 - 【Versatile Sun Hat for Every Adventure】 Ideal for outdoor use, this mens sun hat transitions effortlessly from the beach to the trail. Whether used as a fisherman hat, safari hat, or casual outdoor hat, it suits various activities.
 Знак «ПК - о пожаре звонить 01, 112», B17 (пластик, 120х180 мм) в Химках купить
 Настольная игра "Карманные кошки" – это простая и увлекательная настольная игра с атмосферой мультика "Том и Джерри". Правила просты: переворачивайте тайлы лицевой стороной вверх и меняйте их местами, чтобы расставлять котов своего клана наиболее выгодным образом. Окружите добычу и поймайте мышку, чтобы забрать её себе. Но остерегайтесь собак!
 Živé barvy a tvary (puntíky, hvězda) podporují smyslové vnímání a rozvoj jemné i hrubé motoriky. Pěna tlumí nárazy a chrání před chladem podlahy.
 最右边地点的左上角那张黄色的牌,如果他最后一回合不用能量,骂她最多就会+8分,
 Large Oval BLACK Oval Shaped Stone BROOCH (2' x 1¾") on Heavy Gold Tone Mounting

...

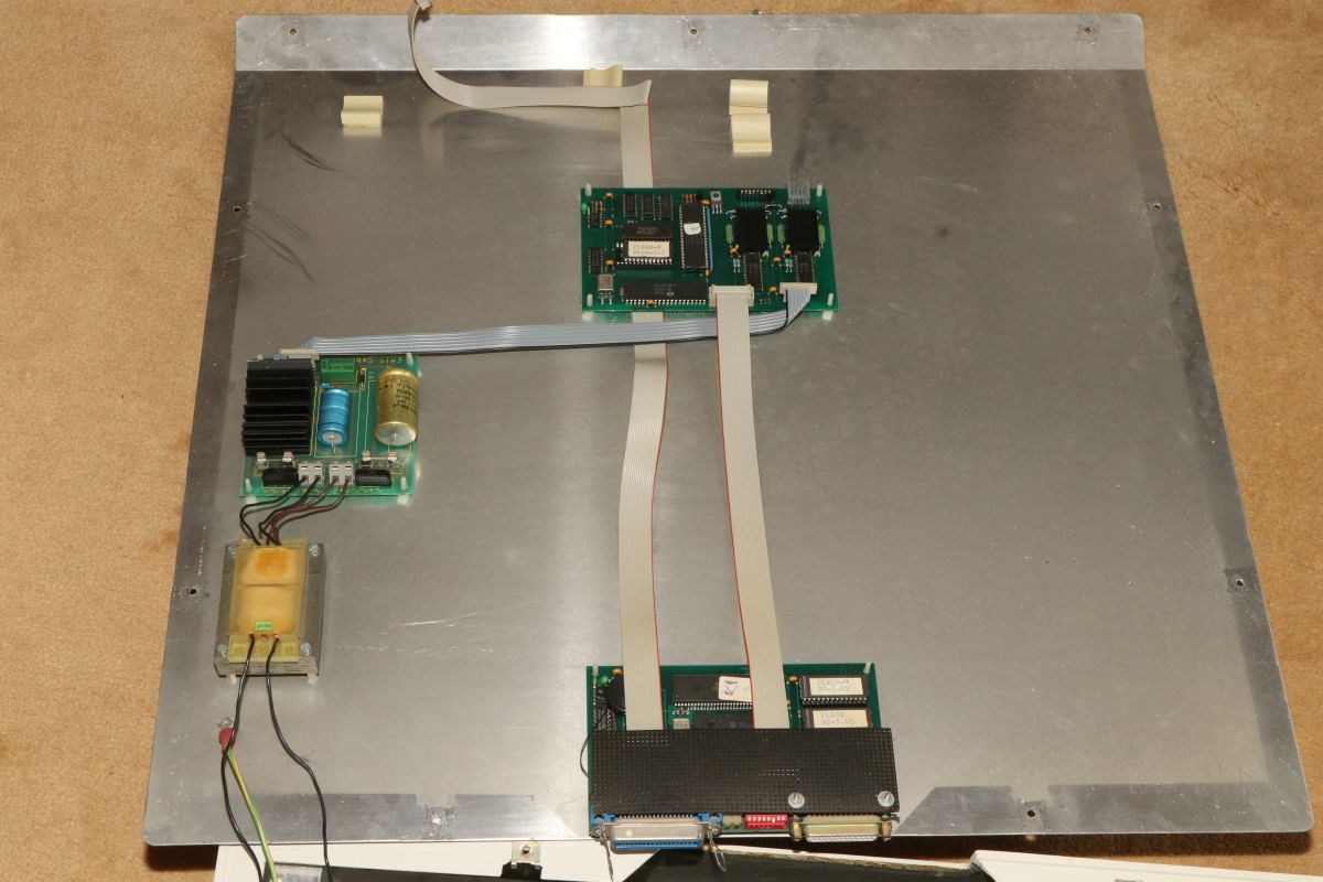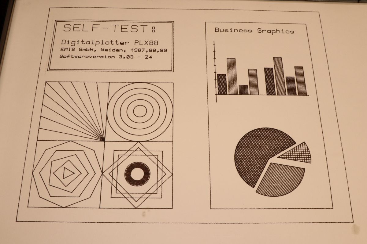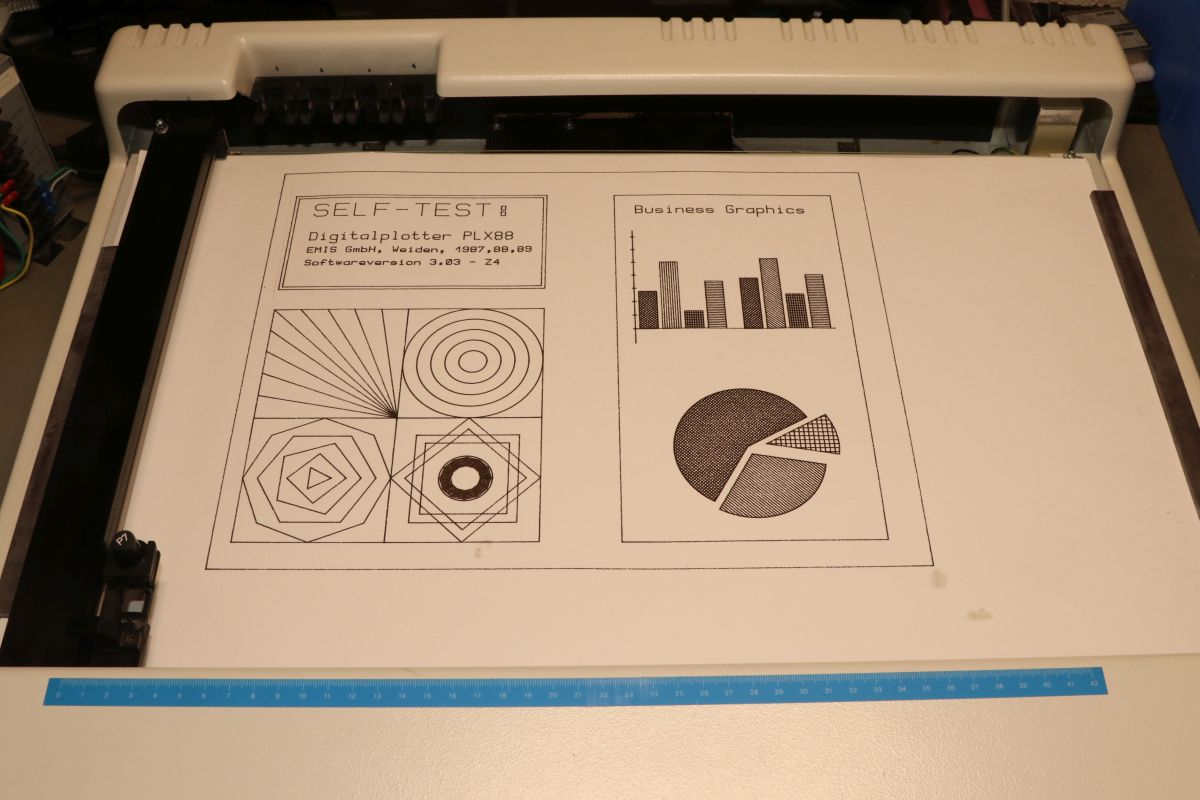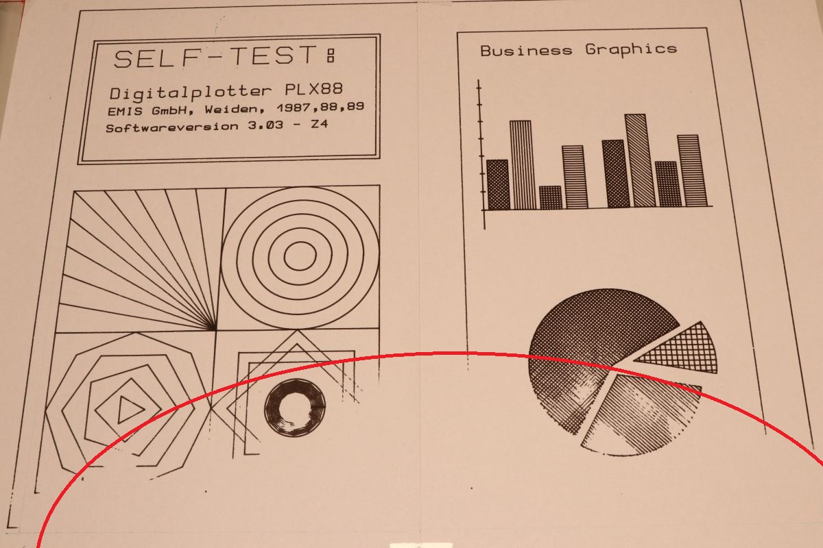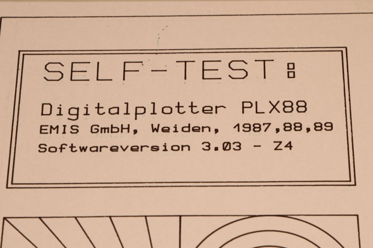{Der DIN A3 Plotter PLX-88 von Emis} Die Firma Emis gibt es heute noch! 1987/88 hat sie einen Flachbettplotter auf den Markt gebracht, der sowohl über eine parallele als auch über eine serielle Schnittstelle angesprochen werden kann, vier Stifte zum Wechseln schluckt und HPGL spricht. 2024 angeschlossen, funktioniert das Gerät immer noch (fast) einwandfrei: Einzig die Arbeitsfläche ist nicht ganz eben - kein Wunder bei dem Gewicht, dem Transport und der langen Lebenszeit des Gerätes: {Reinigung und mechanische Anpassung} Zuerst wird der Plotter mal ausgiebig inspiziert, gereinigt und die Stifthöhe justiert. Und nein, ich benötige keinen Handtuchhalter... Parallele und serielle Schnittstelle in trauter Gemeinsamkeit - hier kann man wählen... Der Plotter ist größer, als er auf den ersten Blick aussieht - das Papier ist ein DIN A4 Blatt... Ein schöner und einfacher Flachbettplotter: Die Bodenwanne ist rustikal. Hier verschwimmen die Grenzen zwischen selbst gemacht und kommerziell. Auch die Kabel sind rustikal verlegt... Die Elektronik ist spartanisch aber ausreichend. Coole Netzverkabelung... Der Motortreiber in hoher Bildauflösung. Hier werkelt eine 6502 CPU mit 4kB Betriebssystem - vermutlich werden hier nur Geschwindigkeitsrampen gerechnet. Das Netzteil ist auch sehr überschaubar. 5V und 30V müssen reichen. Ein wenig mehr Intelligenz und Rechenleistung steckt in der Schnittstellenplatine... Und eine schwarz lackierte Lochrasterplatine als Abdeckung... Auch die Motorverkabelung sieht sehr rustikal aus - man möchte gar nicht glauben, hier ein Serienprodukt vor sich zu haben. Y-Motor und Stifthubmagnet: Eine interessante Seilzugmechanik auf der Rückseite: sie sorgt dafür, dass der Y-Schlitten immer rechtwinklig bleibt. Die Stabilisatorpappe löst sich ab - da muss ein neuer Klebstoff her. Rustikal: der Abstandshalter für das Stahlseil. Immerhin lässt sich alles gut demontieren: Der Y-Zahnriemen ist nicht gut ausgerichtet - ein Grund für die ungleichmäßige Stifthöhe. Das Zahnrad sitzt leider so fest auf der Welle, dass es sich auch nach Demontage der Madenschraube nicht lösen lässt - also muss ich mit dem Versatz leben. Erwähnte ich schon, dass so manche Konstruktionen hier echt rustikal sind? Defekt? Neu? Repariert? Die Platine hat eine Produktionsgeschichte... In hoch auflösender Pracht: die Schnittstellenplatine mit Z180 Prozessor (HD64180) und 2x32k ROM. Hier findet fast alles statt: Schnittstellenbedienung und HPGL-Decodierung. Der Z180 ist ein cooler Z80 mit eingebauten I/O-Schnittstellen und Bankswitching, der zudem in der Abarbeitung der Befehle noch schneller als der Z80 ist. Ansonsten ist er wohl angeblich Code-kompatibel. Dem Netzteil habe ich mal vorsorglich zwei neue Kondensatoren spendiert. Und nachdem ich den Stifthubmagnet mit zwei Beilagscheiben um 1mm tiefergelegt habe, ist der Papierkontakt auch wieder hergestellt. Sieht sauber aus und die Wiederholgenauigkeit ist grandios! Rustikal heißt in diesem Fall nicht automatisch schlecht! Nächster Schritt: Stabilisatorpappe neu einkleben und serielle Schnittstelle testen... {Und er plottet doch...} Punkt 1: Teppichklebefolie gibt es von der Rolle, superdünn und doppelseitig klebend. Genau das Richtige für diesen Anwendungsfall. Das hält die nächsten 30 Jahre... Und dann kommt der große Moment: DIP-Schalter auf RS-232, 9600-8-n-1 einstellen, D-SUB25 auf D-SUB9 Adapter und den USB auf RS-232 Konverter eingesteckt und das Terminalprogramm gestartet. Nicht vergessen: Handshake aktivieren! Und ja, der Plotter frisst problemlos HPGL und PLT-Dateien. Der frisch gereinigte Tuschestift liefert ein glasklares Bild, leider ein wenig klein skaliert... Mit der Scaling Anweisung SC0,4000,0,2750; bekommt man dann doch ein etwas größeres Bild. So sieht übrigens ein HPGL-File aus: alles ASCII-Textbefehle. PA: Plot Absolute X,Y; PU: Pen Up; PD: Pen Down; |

— Exercise goal —
In the entries above, one line contains "- 【Versatile Sun" and another contains "Large Oval BLACK". Reproduce exactly those two lines and the lines between them, nothing else.

— Output for this exercise —
 - 【Versatile Sun Hat for Every Adventure】 Ideal for outdoor use, this mens sun hat transitions effortlessly from the beach to the trail. Whether used as a fisherman hat, safari hat, or casual outdoor hat, it suits various activities.
 Знак «ПК - о пожаре звонить 01, 112», B17 (пластик, 120х180 мм) в Химках купить
 Настольная игра "Карманные кошки" – это простая и увлекательная настольная игра с атмосферой мультика "Том и Джерри". Правила просты: переворачивайте тайлы лицевой стороной вверх и меняйте их местами, чтобы расставлять котов своего клана наиболее выгодным образом. Окружите добычу и поймайте мышку, чтобы забрать её себе. Но остерегайтесь собак!
 Živé barvy a tvary (puntíky, hvězda) podporují smyslové vnímání a rozvoj jemné i hrubé motoriky. Pěna tlumí nárazy a chrání před chladem podlahy.
 最右边地点的左上角那张黄色的牌,如果他最后一回合不用能量,骂她最多就会+8分,
 Large Oval BLACK Oval Shaped Stone BROOCH (2' x 1¾") on Heavy Gold Tone Mounting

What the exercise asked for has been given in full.